Face Recognition
Face recognition is a biometric authentication technology that detects a person’s face from images or video captured by a camera and identifies the individual. It consists of four stages: face image collection/detection, preprocessing, feature extraction, and matching/verification.
Algorithm Overview
The face recognition system operates in the following flow:
- Face Detection: Detects face regions from images
- Preprocessing: Normalization of face images (tilt correction, brightness adjustment)
- Feature Extraction: Extraction of facial feature vectors using deep learning models
- Matching/Identification: Identity verification through similarity calculation between feature vectors
Performance Metrics
| Dataset | Recognition Accuracy |
|---|---|
| LFW | 99.80% |
| IJB-C (E4) | 97.12% |
Edge AI Board (RV1126B) Execution Efficiency
| Algorithm | Processing Time |
|---|---|
| face_detect (Face Detection) | 28ms |
| face_recognition (Feature Extraction + Matching) | 12.4ms |
Key Features
- High-precision recognition: LFW benchmark 99.80%, IJB-C 97.12%
- High-speed processing: Face detection + recognition in approximately 40ms (on edge AI board)

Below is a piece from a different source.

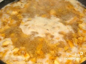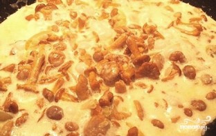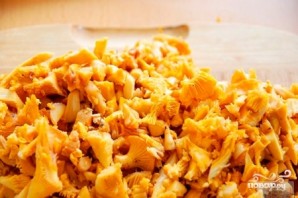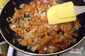 Добавить откинутые на сито лисички. Жарить 7-10 минут с луком.

- Low-light support: Operates even at night when combined with a night vision camera
- Edge-complete: Local processing without the cloud, effective for privacy protection
Use Cases
- Entry/exit management and attendance systems
- Identity verification (eKYC)
- Suspicious person detection in surveillance cameras
- Resident identification in nursing care facilities
- Smartphone face unlock
- VIP detection at event venues
Edge AI Board Implementation
Leveraging the RV1126B NPU, the face detection (28ms) + feature extraction (12.4ms) pipeline is completed locally. Same-person determination is based on a similarity score (-1 to 1), with values of 0.4 or above indicating the same person.